Your task: Among the records that follow, find the line with "致敬建党百年,拼搏时代风采 珠海市工贸技工学校2021年秋季运动会圆满闭幕!" and the line with "Эффектный пряморастущий кустарник, до". Set down those lines and all lines between them exactly, without adding anything.

Source material:
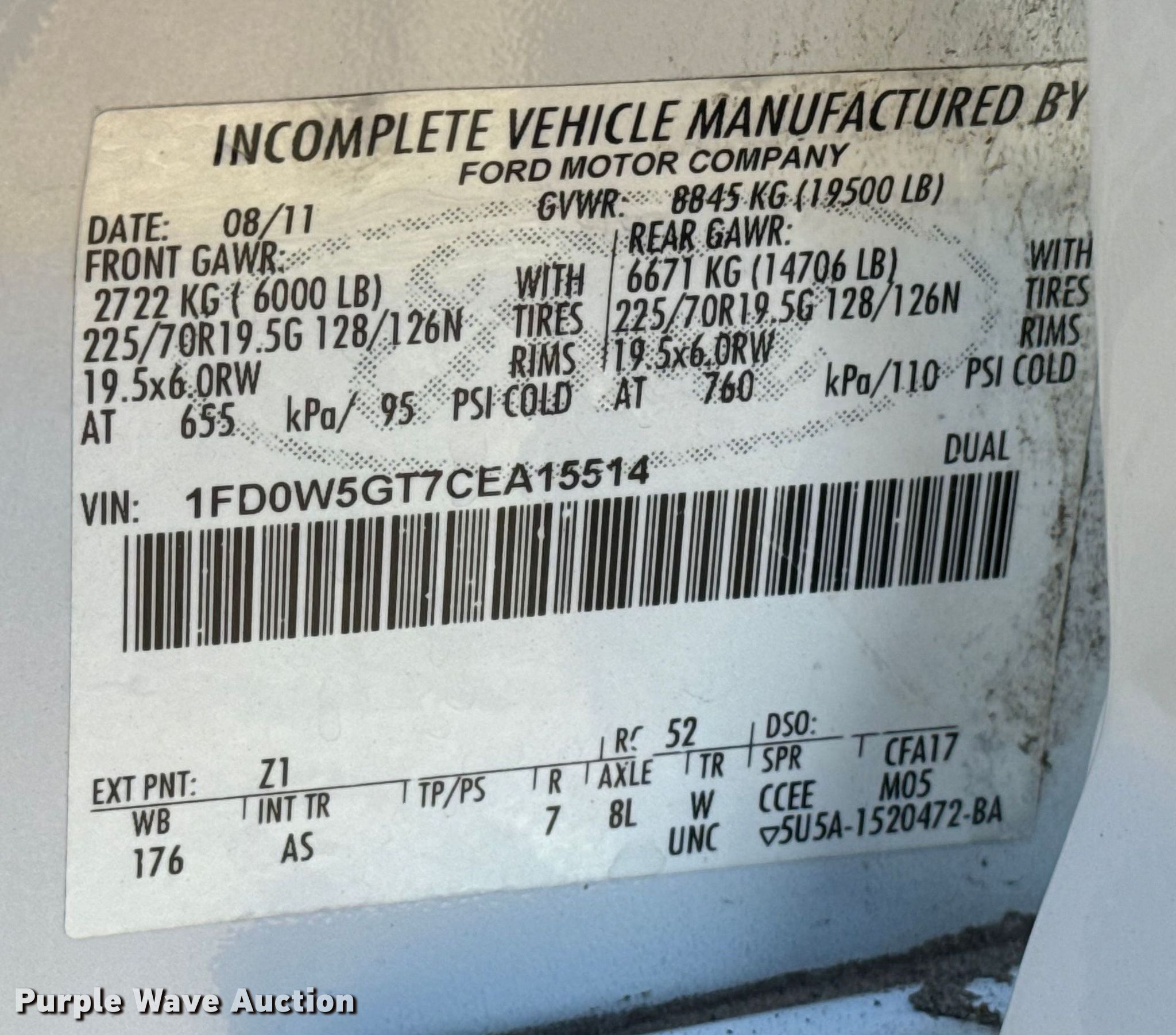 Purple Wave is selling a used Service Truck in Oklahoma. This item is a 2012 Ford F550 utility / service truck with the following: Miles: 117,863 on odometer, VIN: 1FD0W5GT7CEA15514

--

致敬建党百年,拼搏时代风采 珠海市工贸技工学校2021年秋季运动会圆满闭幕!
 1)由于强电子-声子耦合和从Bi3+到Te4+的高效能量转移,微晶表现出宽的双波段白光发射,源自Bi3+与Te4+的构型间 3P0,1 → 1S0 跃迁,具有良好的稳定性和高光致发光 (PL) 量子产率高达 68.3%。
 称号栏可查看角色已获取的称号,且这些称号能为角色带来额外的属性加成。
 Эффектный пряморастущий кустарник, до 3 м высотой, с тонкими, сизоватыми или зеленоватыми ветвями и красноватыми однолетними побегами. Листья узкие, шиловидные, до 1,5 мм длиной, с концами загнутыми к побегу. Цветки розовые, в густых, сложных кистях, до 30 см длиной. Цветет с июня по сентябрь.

---

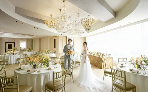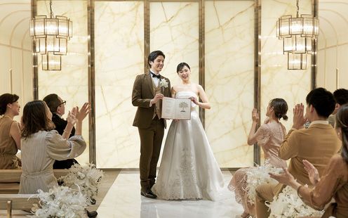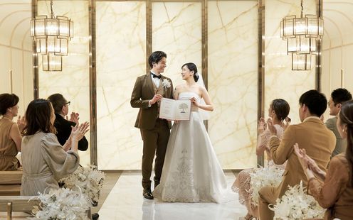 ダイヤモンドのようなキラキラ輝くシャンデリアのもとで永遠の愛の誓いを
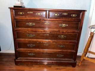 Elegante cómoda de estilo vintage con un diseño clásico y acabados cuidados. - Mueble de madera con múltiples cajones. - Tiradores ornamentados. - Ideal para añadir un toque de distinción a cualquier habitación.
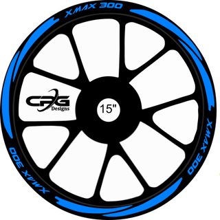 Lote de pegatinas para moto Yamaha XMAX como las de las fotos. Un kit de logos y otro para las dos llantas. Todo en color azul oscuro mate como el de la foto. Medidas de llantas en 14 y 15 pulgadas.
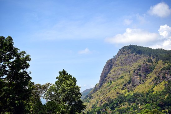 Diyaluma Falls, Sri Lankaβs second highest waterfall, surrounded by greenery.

Exercise response:
致敬建党百年,拼搏时代风采 珠海市工贸技工学校2021年秋季运动会圆满闭幕!
 1)由于强电子-声子耦合和从Bi3+到Te4+的高效能量转移,微晶表现出宽的双波段白光发射,源自Bi3+与Te4+的构型间 3P0,1 → 1S0 跃迁,具有良好的稳定性和高光致发光 (PL) 量子产率高达 68.3%。
 称号栏可查看角色已获取的称号,且这些称号能为角色带来额外的属性加成。
 Эффектный пряморастущий кустарник, до 3 м высотой, с тонкими, сизоватыми или зеленоватыми ветвями и красноватыми однолетними побегами. Листья узкие, шиловидные, до 1,5 мм длиной, с концами загнутыми к побегу. Цветки розовые, в густых, сложных кистях, до 30 см длиной. Цветет с июня по сентябрь.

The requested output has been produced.